Diallyl orthophthalate (DAOP) prepolymer was investigated as a reactive plasticizer to improve the processability of thermoplastics. The rheology of blends of DAOP prepolymer initiated by 2,3-Dimethyl-2,3-diphenylbutane (DMDPB) and polyphenylene oxide (PPO) was monitored during the curing process, and their thermal properties and morphology in separated phases were also studied. Differential scanning calorimetry (DSC) results showed that the cure degree of the reactively plasticized DAOP prepolymer was reduced with increasing PPO due to the dilution effect. The increasing amount of the DAOP prepolymer led to a gradual decrease in the viscosity of the blends and the rheology behavior was consistent with the chemical gelation of DAOP prepolymer in blends. This indicated that the addition of the DAOP prepolymer effectively improved processability. The phase separation occurring during curing of the blend and the transition from the static to dynamic mode significantly influences the development of the morphology of the blend corresponding to limited evolution of the conversion around the gel point.

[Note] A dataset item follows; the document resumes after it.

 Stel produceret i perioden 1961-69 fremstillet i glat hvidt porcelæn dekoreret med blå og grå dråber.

Kinetic and chemical characterization of thermal decomposition of dicumylperoxide in cumene
J Hazard Mater 2011 Mar 15;187(1-3):157-63.PMID:21277085DOI:10.1016/j.jhazmat.2011.01.023.

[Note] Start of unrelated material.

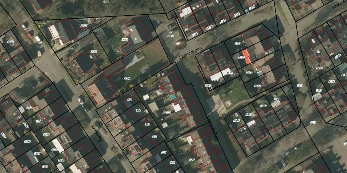Het perceel waarop Leemskuilen 21 staat heeft een oppervlakte van 1077 m². Dit is een zeer groot perceel. De perceeloppervlakte wordt geregistreerd door het Kadaster. Gedetailleerde informatie over de maten van dit perceel kunt u vinden in het rapport Kadastrale kaart met maatvoering van Leemskuilen 21.

Dicumylperoxide (DCP) is one of the most used peroxides in the polymer industry. It has been reported that its thermal decomposition can result in runaway phenomena and thermal explosions with significant economic losses and injuries to people. In the present paper thermal behaviour of dicumylperoxide in cumene was investigated over the temperature range of 393-433 K under aerated and de-aerated conditions. The results indicated that when oxygen was present, the decomposition rate did not follow a simple pseudo-first order kinetic as previously reported in literature. A satisfactory fit of the experimental data was, in this case, achieved by means of kinetic expression derived under the assumption of an autocatalytic scheme of reaction. The reaction rate was, on the contrary, correctly described by a pseudo-first order kinetic in absence of oxygen. Under both aerated and de-aerated conditions, chemical analysis showed that the decomposition mainly resulted in the formation of acetophenone and dimethylphenylcarbinol with minor occurrence of 2,3-Dimethyl-2,3-diphenylbutane. The formation of methane and ethane was also invariably observed while the appearance of cumylhydroperoxide as a reaction intermediate was detected under only aerated conditions. Therefore, two reaction schemes were proposed to explain system behaviour in the presence of oxygen and after its purging.